I also agree with the quality of this link...i read the article then severals others linked around the same subject, and between that and work it just took a long time to get back here to post a comment that was worthwhile....fascinating articles, and a pleasure to read the other comments here.
posted by th3ph17 at 5:31 PM on May 14, 2001


cCranium, the tartan weave does not indicate that they came from Ireland only that they probably were probably Indo-europeans and therefore (distantly) related to the Celts. I recommend reading rodii's comments in the original thread.

The Indo-european language group is thought to have originated near the Black Sea. It spread westwards into Europe and eastwards into central asia and notably south eastwards into India. Nearly all the languages of Europe, Iran and India today are Indo-european.

It's therefore wrong to think of these people as Europeans, they would be better described as "Indo-europeans" or simply as an early original stock of Central Asians. China only spread its control into this area in recent millennia (Xinjiang literally means "New Territories").

They are likely to be closely related to the BMAC people mentioned in a recent thread.

The importance of these finds in terms of galvanizing the nationalist aspirations of the inhabitants of far western China should not be underestimated, however. There are still "Europeans" living in Xinjiang, they're called the Uyghurs.
posted by lagado at 6:10 PM on May 14, 2001


Yeah, the timing is just right for the BMAC.

If you go east across Asia from, say, Ur, you eventually run into this tremendous knot of mountains--the Pamirs, Altai, Tien Shan, Karakorum, Himalaya, Tibet--which make direct overland travel to China just about impossible. At that point you can go south through Baluchistan and the Khyber Pass into the Indus valley (home of one of the great civilizations of the ancient world). Or you can go north and then through the passes into Xinjiang, and thence, skirting the Tarim basin desert, to China, which in this time period was much smaller, as Lagado notes. (It's really worth looking at a map if you don't have a sense of the scale here--this is just a vast system of trade.) This means that the crossroads area, around Samarkand, Merv, Bactra, where the roads to China, India and the Middle East met, became an important meeting place of cultures. That was where, and it seems, when, the BMAC happened. It really all fits together--the extension of the Mesopotamian trade system eastward to become the silk road, the flourishing of Harappa and Mohenjo-Daro, the rise of China, and the Tarim Basin mummies. Very cool.

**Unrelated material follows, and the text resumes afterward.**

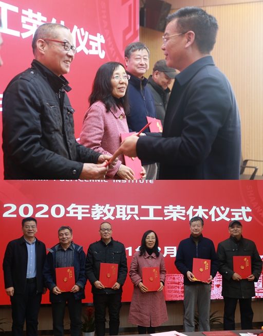 2月4日,我校首次教职工荣休仪式在崇文楼第一会议室举行。学院党委书记惠朝阳、院长刘永亮、党委副书记贺天柱出席了本次仪式,并为到场的荣休教职工颁发证书和纪念品。2020年度退休教职工以及党委组织部、工会、离退休工作处等部门负责人共同见证了这一隆重的时刻,人事处处长殷锋社主持仪式。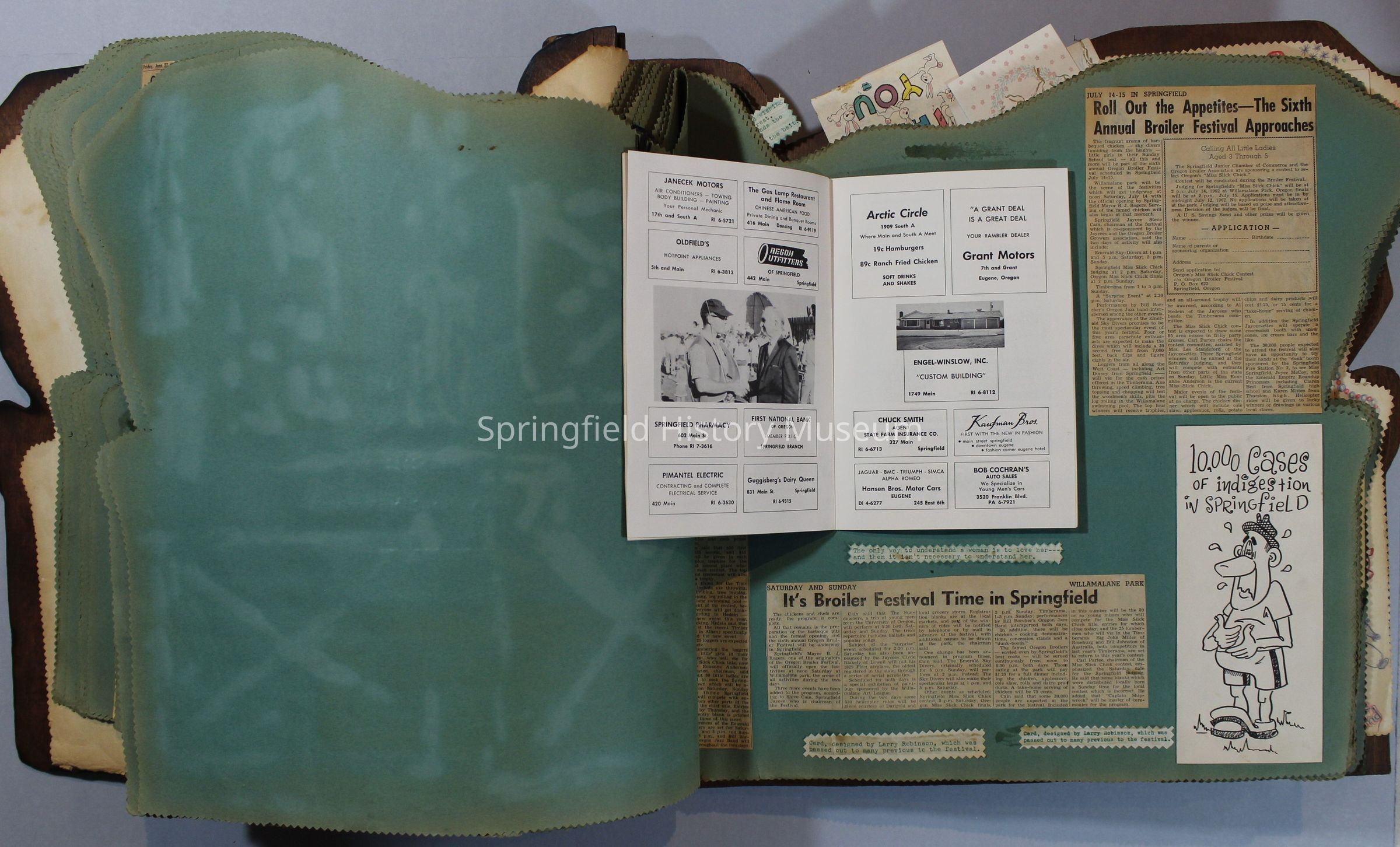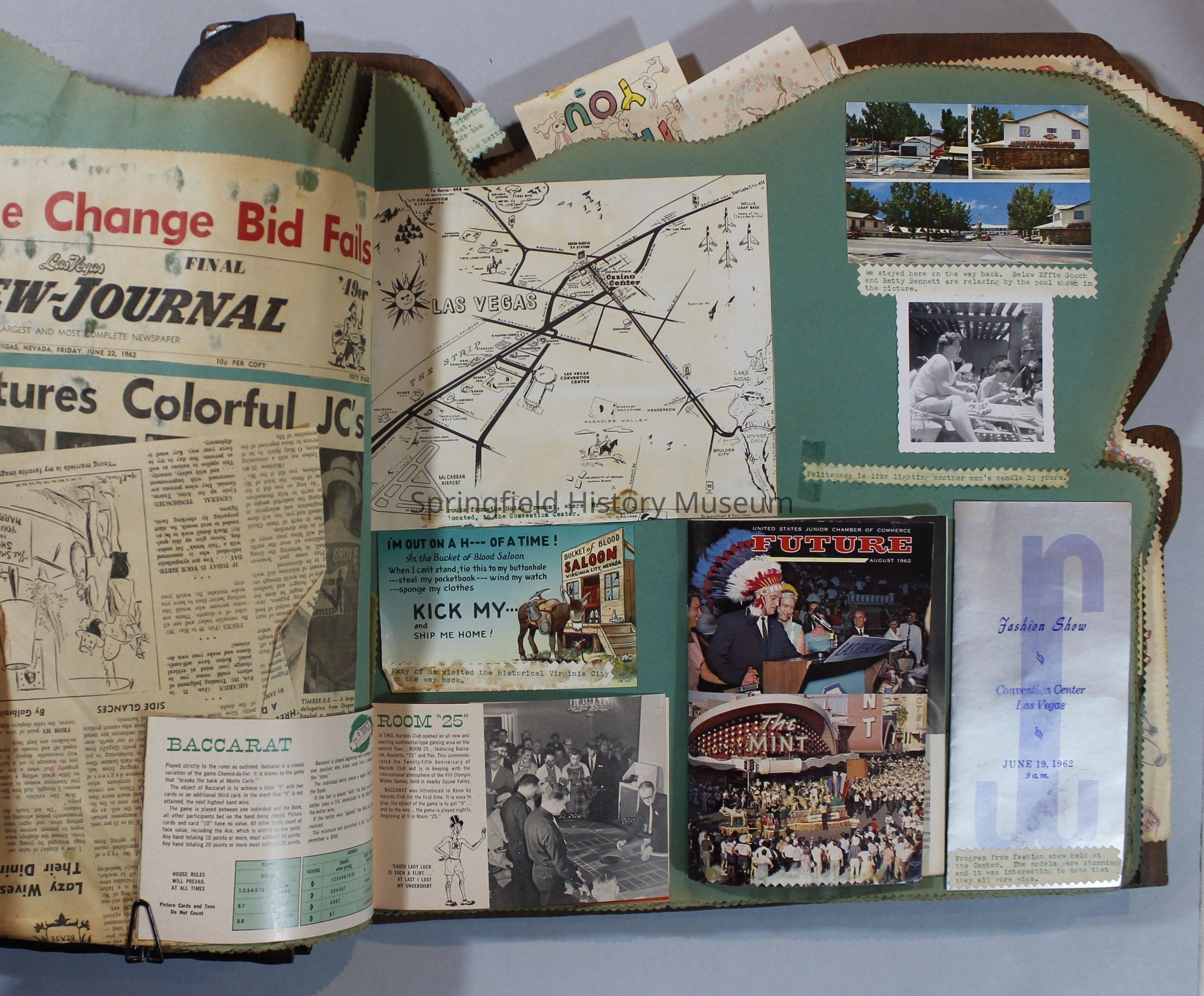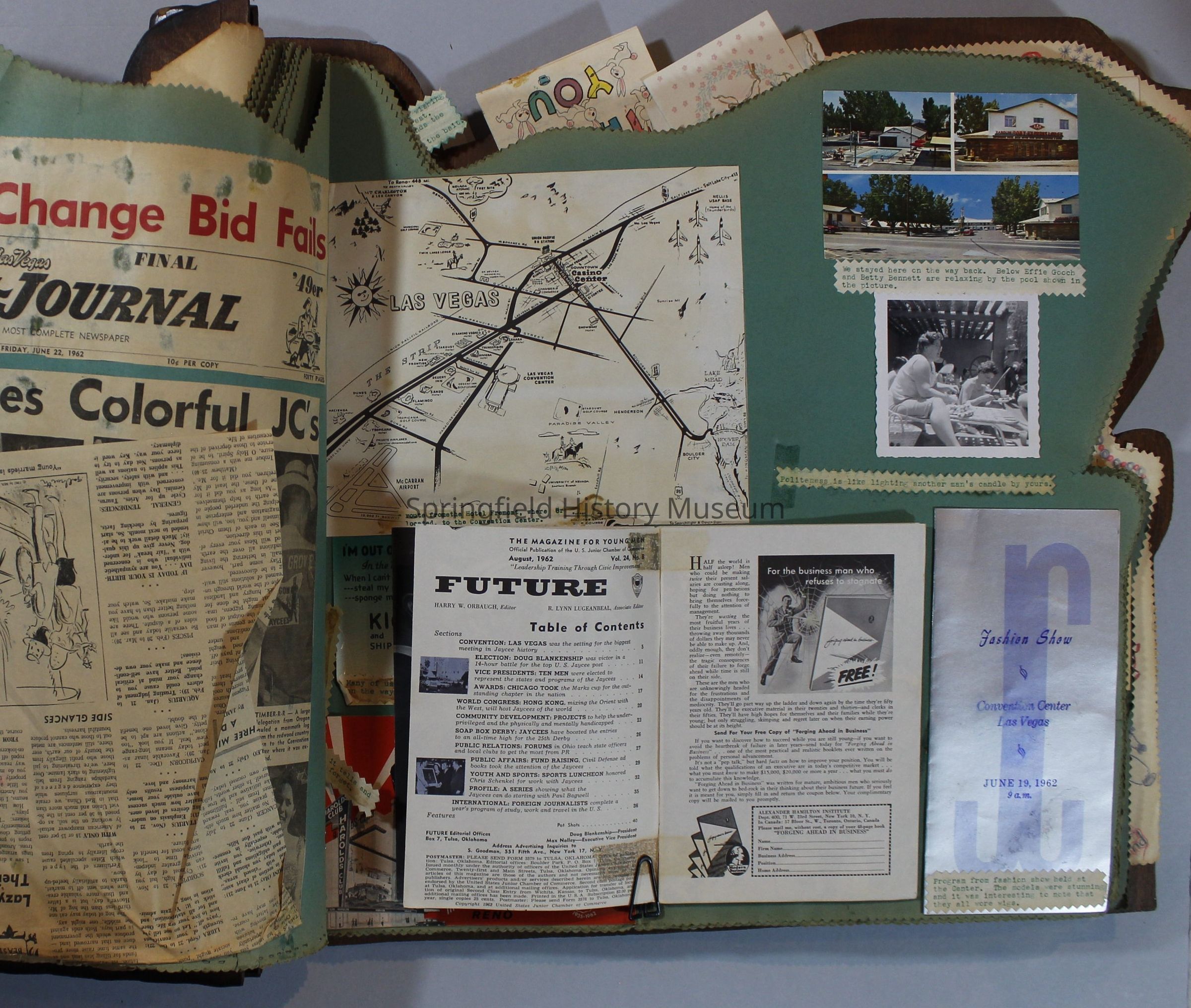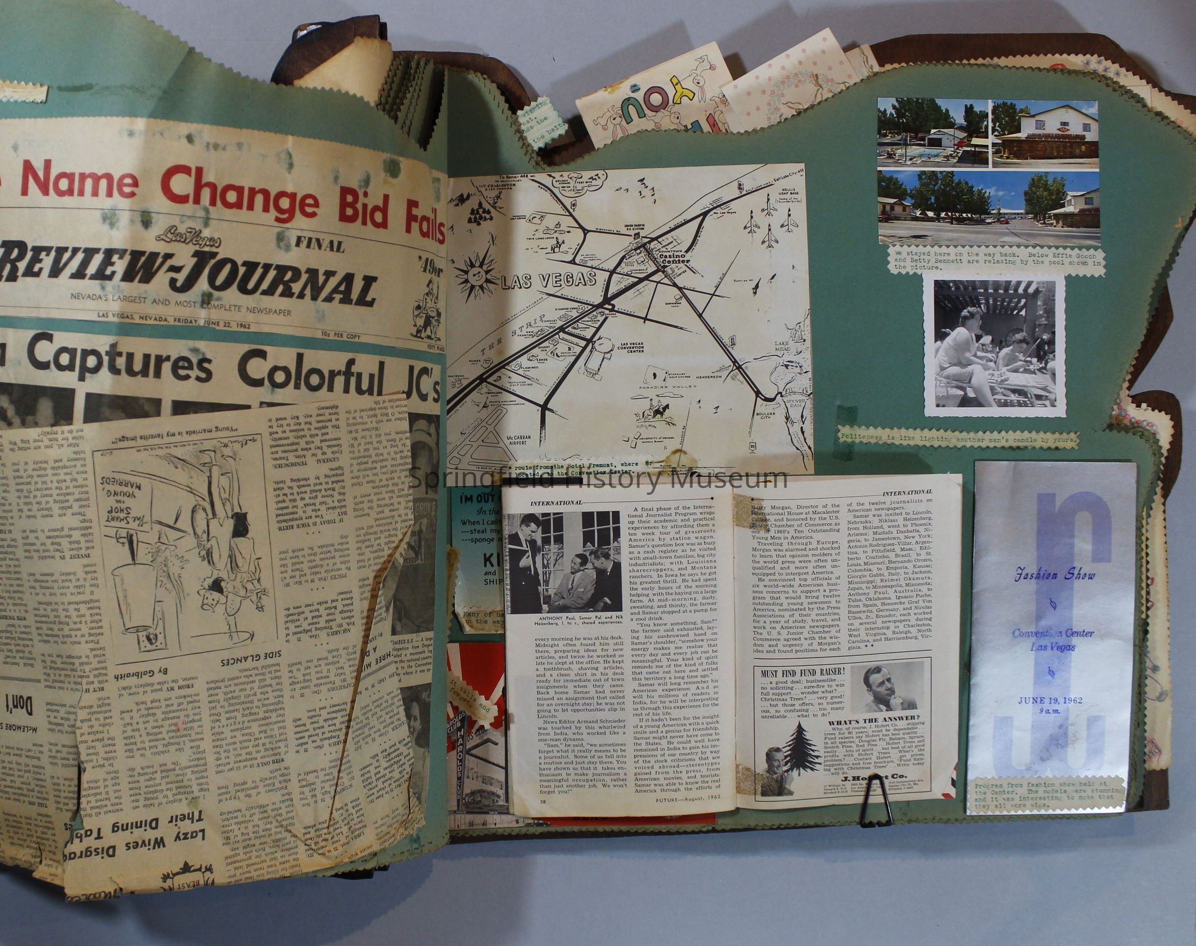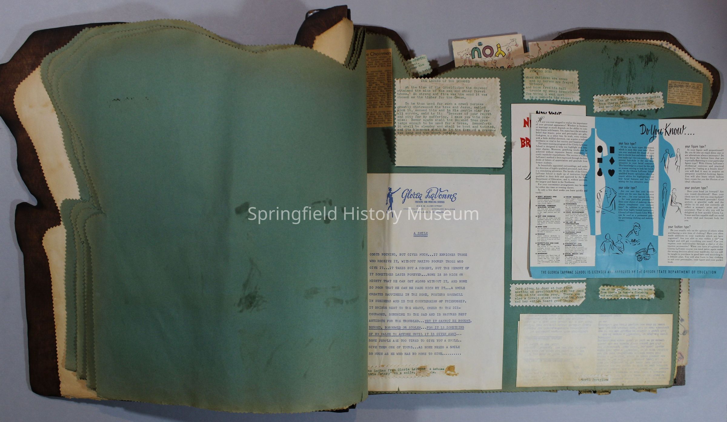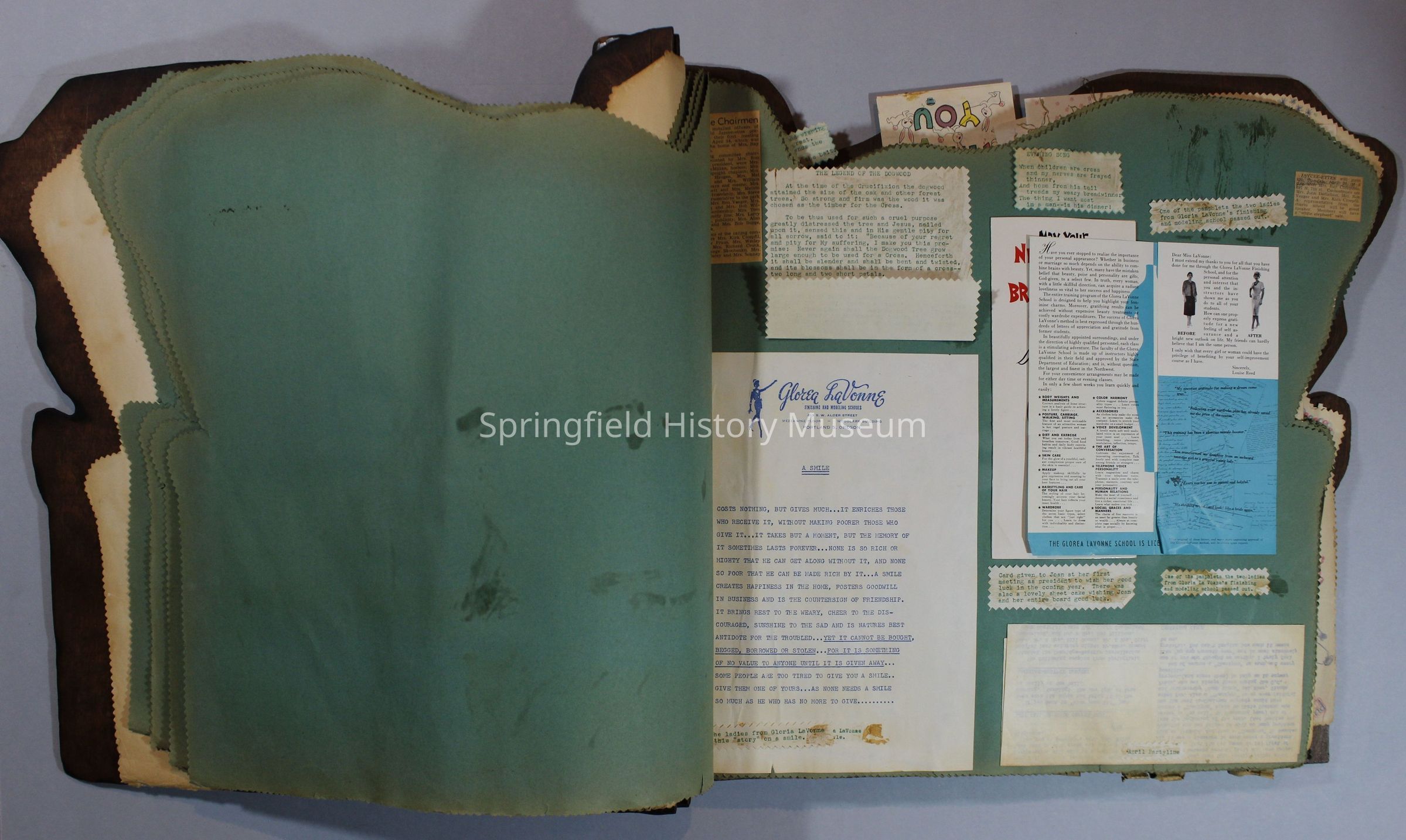 Scrapbook of Springfield, Oregon Jaycee-ettes, Joan Harman Possion, was President at the time of events.1962-1963, scrapbook cover is of wood with brass color hinges. The scrapbook contains newspaper articles, photo's, and cards.

How all this fits together with the migrations of the Indo-Europeans is unclear. One of the sources I posted in the BMAC thread claimed that the early BMAC probably weren't IE speakers, but the later ones were (probably the culture where Zoroastrianism originated). Then there's the continuing mystery of who the Tocharians were (long-lost isolated IE-speaking people who lived in the Tarim basin). And if there was one long-lost people there could easily have been more--we only know Tocharian because of the fluky survival of a bunch of Buddhist manuscripts sealed up in some abandoned monasteries. All that's clear to me is that there is a *lot* of history we don't know about yet in Central Asia.

Clavidvs: Cheng Ho, yeah!
posted by rodii at 6:34 PM on May 14, 2001


The Silkroad foundation has a site worth exploring, including some maps: (the big picture) & (central Asia).